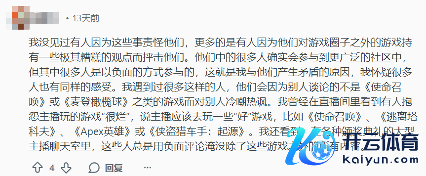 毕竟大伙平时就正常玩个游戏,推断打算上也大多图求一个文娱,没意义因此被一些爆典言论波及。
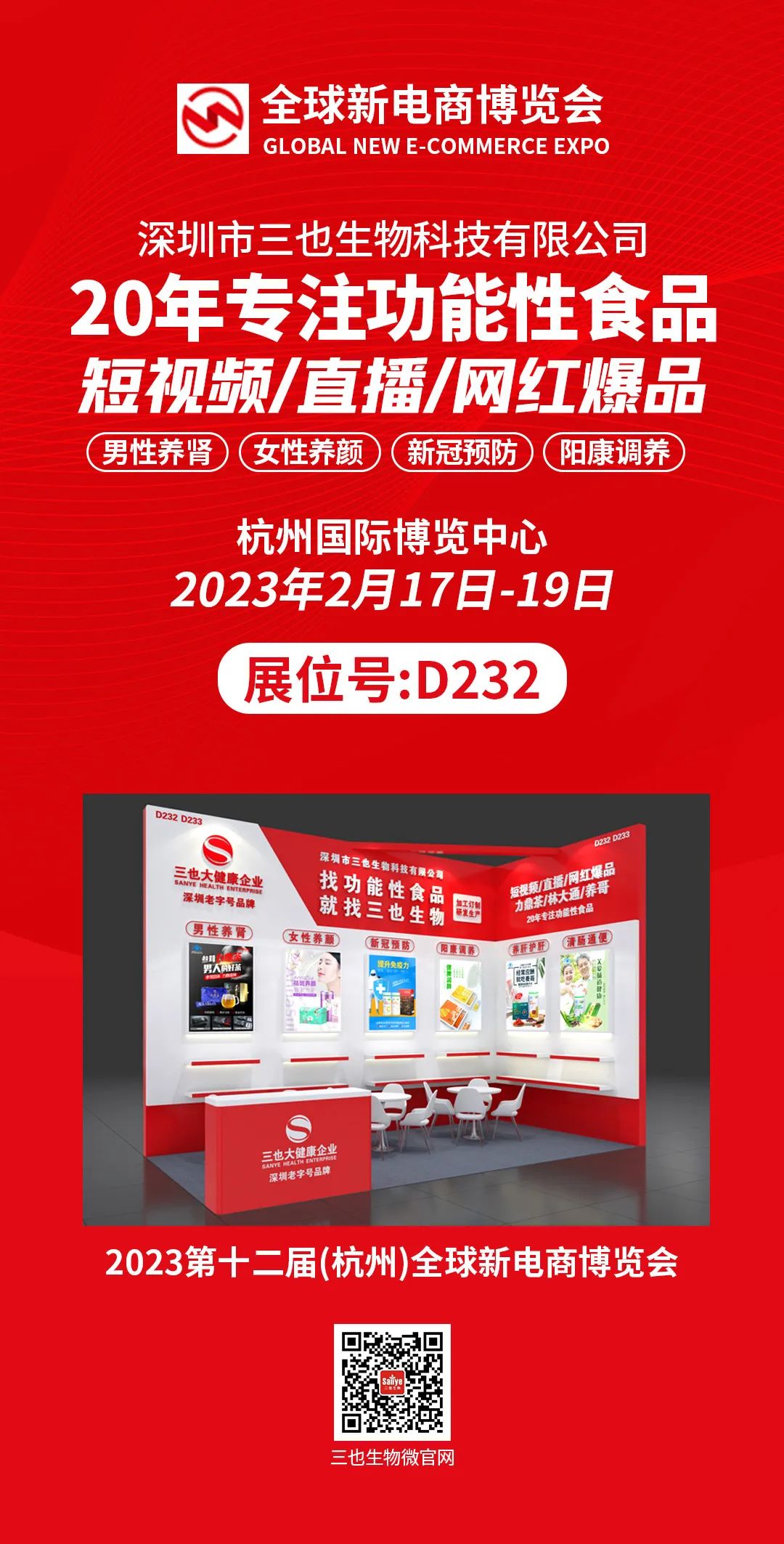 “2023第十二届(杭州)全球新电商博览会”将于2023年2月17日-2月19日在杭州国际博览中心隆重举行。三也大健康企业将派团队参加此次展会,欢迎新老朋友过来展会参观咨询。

---

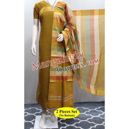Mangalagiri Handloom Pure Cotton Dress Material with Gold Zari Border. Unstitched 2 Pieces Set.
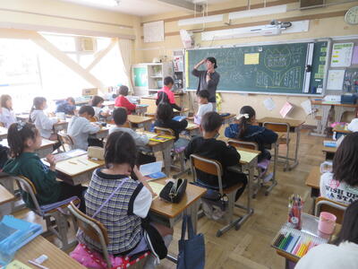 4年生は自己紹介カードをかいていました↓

==

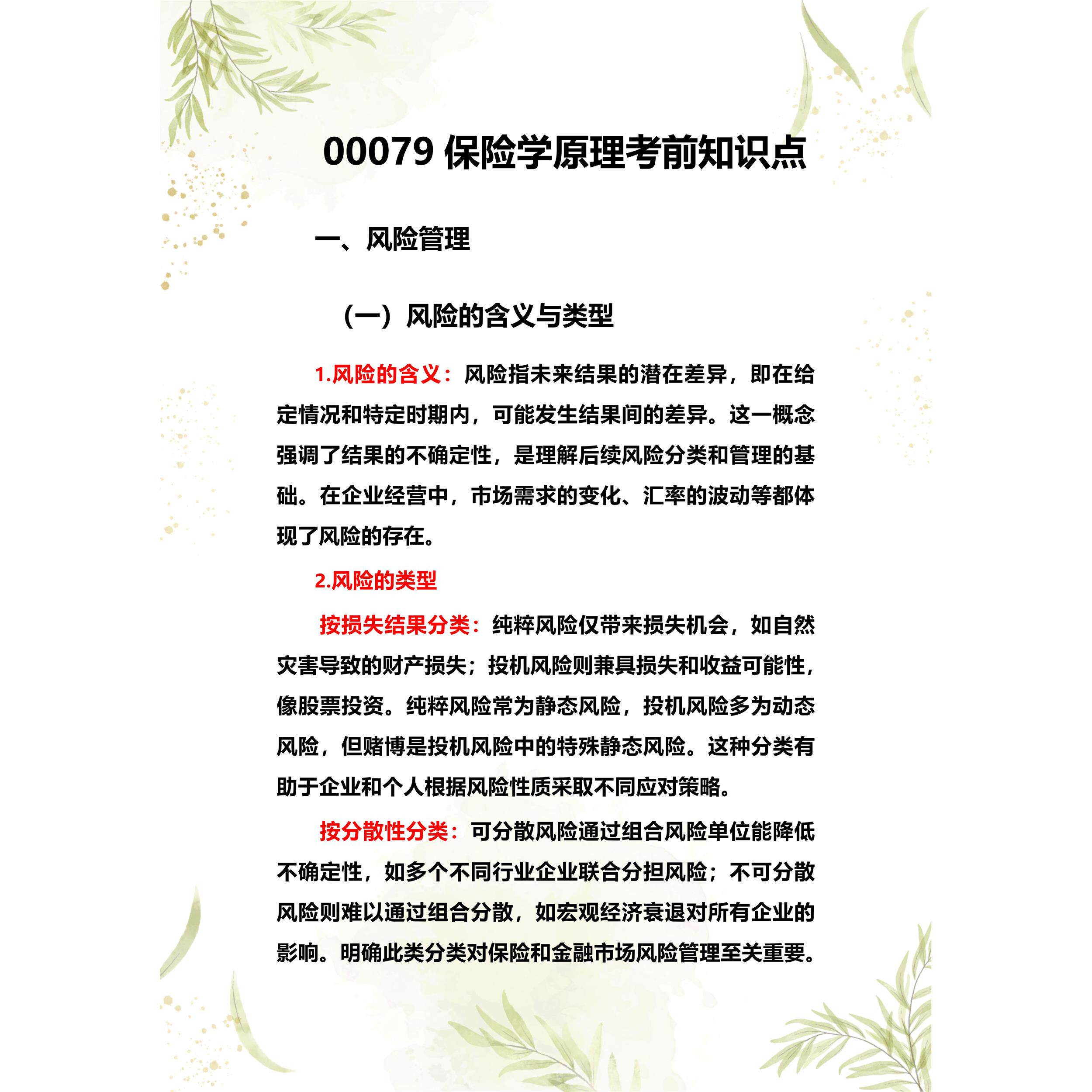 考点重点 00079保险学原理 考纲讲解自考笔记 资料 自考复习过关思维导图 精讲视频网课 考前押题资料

# Work request:
What is needed is an exact copy of the lines above from the one with "Mangalagiri Handloom Pure" to the one with "4年生は自己紹介カードをかいていました↓", both ends kept, and nothing more; please leave the pictures out.

# Task answer:
Mangalagiri Handloom Pure Cotton Dress Material with Gold Zari Border. Unstitched 2 Pieces Set.
 4年生は自己紹介カードをかいていました↓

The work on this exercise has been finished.